1. Orientasi kognitif. Orientasi kognitif menganggap suatu budaya politik terdiri dari keyakinan dan pengetahuan. Contohnya simbol negara, tingkat pengetahuan warga negara terkait sistem politik, dan lain sebagainya.


2. Orientasi afektif. Orientasi ini berhubungan dengan keadaan emosional dan perasaan seorang pribadi terhadap sistem politik. Perasaan yang dimaksudkan adalah perasaan menerima, menolak, dan keterikatan seseorang dalam suatu sistem politik.


3. Orientasi evaluatif. Hal ini berkaitan dengan penilaian individu terhadap sistem politik suatu negara. Yang dimana, keputusan dan pendapat terkait sistem politik diberikan secara objektif karena dalam pertimbangannya melibatkan kombinasi antara keyakinan dan pengetahuan dengan perasaan, kriteria dengan informasi, serta standar nilai. 


Menurut Gabriel Almond dan G. Bingham Powell, budaya politik terbagi menjadi 3 tipe, yaitu : 

1. Budaya politik parokial. Masyarakat yang menganut budaya politik parokial cenderung tidak peduli (apatis) dengan kehidupan politik di negaranya. Mereka lebih memilih untuk tidak ikut andil dalam kehidupan bernegara. Selain itu, budaya ini biasanya dianut oleh masyarakat yang tinggal di tempat terpencil, yang memiliki kesulitan akses terhadap sarana untuk berkecimpung dalam dunia politik. Budaya parokial ditandai dengan kurang tertariknya warga mengenai masalah politik dan masyarakatnya cenderung menutup diri.


2. Budaya politik kaula.
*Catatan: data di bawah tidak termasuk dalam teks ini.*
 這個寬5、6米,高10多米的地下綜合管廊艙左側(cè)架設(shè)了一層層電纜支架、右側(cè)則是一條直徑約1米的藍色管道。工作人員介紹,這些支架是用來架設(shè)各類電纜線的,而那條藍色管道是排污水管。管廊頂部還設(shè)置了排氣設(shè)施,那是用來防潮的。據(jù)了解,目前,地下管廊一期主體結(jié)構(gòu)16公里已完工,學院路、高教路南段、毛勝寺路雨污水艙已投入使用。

Budaya politik ini mengedepankan orientasi afektivitas dan melihat secara subjektif. Masyarakat yang menganut budaya politik kaula memiliki keinginan untuk berpartisipasi tetapi tidak mempermasalahkan hasil dari keputusan pemerintah, karena sadar seluruh otorisasi pemerintahan sepenuhnya berada di tangan pemerintah. 
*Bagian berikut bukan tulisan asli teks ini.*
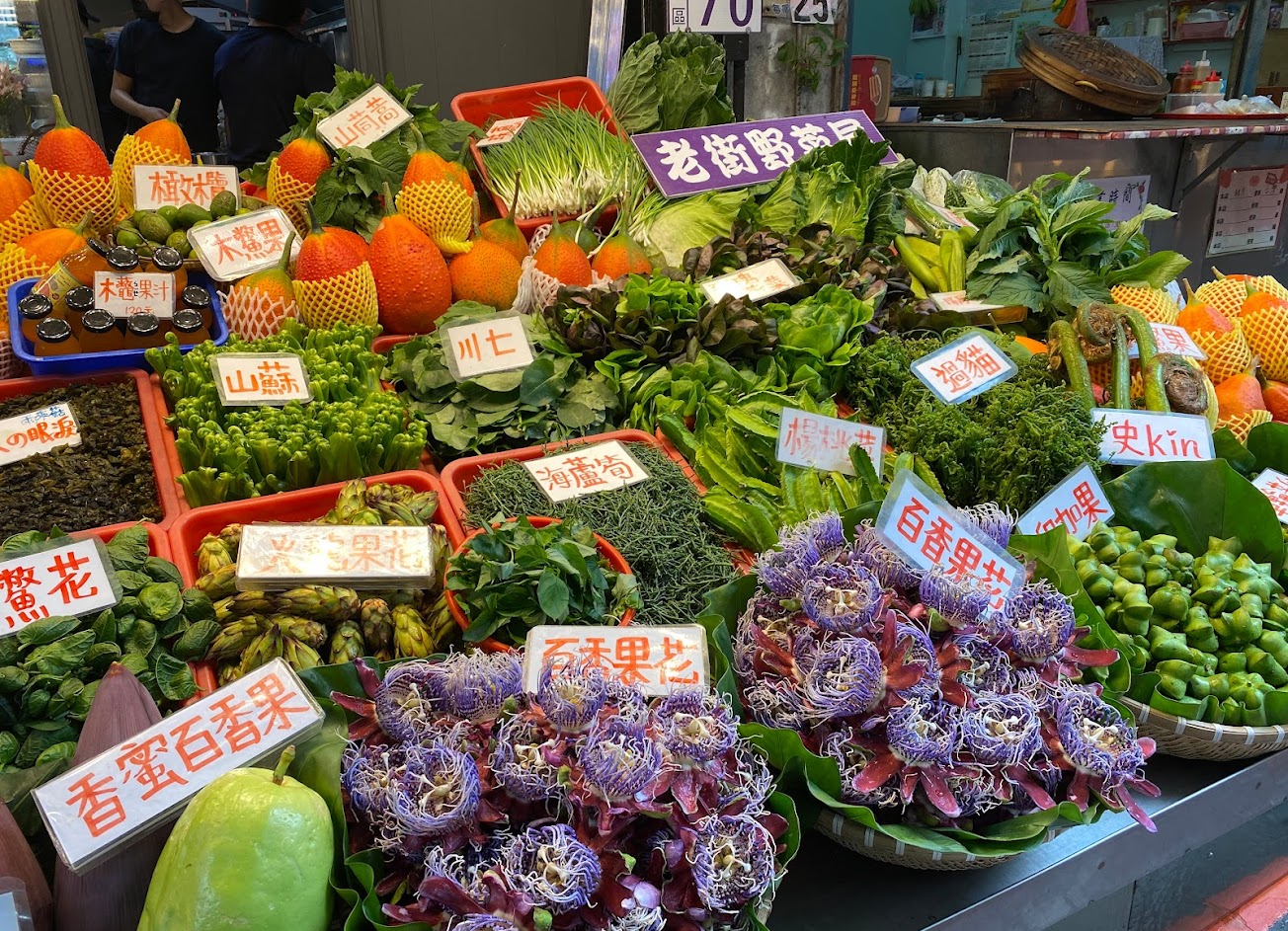 被門口擺放特別的菜類吸引,手指西瓜、百香果花、楊桃菜。

3. Budaya politik partisipan. Budaya politik ini ditandai dengan masyarakatnya yang memiliki kesadaran tinggi untuk ikut berpartisipasi terhadap kehidupan politik negaranya. Budaya politik partisipan memandang sari orientasi evaluatif yang melibatkan pengetahuan dan perasaan. Keaktifan masyarakat dalam kegiatan politik dapat memberi dampak positif bagi perkembangan negara. 


Saat ini, budaya politik di Indonesia termasuk kategori budaya politik campuran atau mixed political culture, yaitu antara budaya politik partisipan dan budaya politik kaula-parokial. Di kota-kota besar seperti Yogyakarta, Medan, Jakarta, Bandung, Semarang, dan lainnya, masyarakat cenderung partisipan terhadap kehidupan politik. Berbeda dengan masyarakat yang tinggal di daerah marginal (pinggiran) yang masih memegang prinsip budaya kaula-parokial. Masyarakat yang tinggal di daerah marginal dinilai tidak berdaya dalam mempengaruhi pembuatan kebijakan. Budaya politik kaula-parokial terjadi karena adanya isolasi dari kebudayaan luar, pengaruh penjajahan, paternalistik, feodalisme, dan juga ikatan primordial, yang memiliki sifat sentimen kedaerahan, kesukaan, dan keagamaan. Sedangkan, yang menganut budaya politik partisipan dipengaruhi oleh tingginya tingkat pendidikan atau perekonomian.


Budaya politik di indonesia juga masih memperlihatkan sikap “bapakisme” yaitu sikap ABS atau asal bapak senang, sementara para pejabat publik masih berorientasi kepada kekuasaan daripada pengabdian kepada masyarakat. Dalam hal ini, bapakisme mempraktikkan hubungan pemimpin dan bawahan seperti hubungan bapak dan anak, yang dimana bawahan harus patuh dan hormat kepada pemimpin. Sikap ini juga dinilai sebagai sikap yang mengagung-agungkan pemimpin. Sikap “bapakisme” ini semakin diperparah lagi dengan kondisi partai politik yang sudah tidak lagi bergerak berdasarkan ideologi perjuangan politiknya, melainkan lebih bersifat pragmatis. Hal ini dapat membuat rakyat menjadi objek politik dan kekuasaan, bukan subjek kekuasaan seperti yang diharapkan oleh demokrasi.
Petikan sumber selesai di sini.